So here is my problem. I have two paragraphs of text and I need to see if they are similar. Not in the sense of string metrics but in meaning. The following two paragraphs are related but I need to find out if they cover the 'same' topic. Any help or direction to solving this problem would be greatly appreciated.
Fossil fuels are fuels formed by natural processes such as anaerobic decomposition of buried dead organisms. The age of the organisms and their resulting fossil fuels is typically millions of years, and sometimes exceeds 650 million years. The fossil fuels, which contain high percentages of carbon, include coal, petroleum, and natural gas. Fossil fuels range from volatile materials with low carbon:hydrogen ratios like methane, to liquid petroleum to nonvolatile materials composed of almost pure carbon, like anthracite coal. Methane can be found in hydrocarbon fields, alone, associated with oil, or in the form of methane clathrates. It is generally accepted that they formed from the fossilized remains of dead plants by exposure to heat and pressure in the Earth's crust over millions of years.
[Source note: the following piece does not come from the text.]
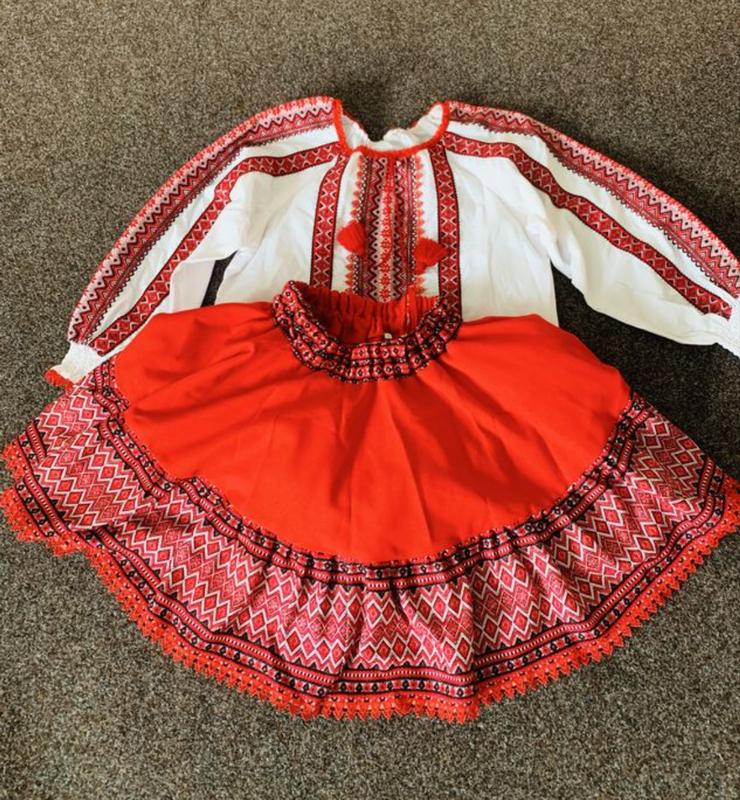 Ідеальний стан на дівчинку віночок в комплекті Довжина сорочки 60, рукав 64 (від горловини) Спідниця - довжина 40, пояс 25

This biogenic theory was first introduced by Georg Agricola in 1556 and later by Mikhail Lomonosov in the 18th century.
Second:
Fossil fuel reforming is a method of producing hydrogen or other useful products from fossil fuels such as natural gas. This is achieved in a processing device called a reformer which reacts steam at high temperature with the fossil fuel. The steam methane reformer is widely used in industry to make hydrogen. There is also interest in the development of much smaller units based on 开发者_Go百科similar technology to produce hydrogen as a feedstock for fuel cells. Small-scale steam reforming units to supply fuel cells are currently the subject of research and development, typically involving the reforming of methanol or natural gas but other fuels are also being considered such as propane, gasoline, autogas, diesel fuel, and ethanol.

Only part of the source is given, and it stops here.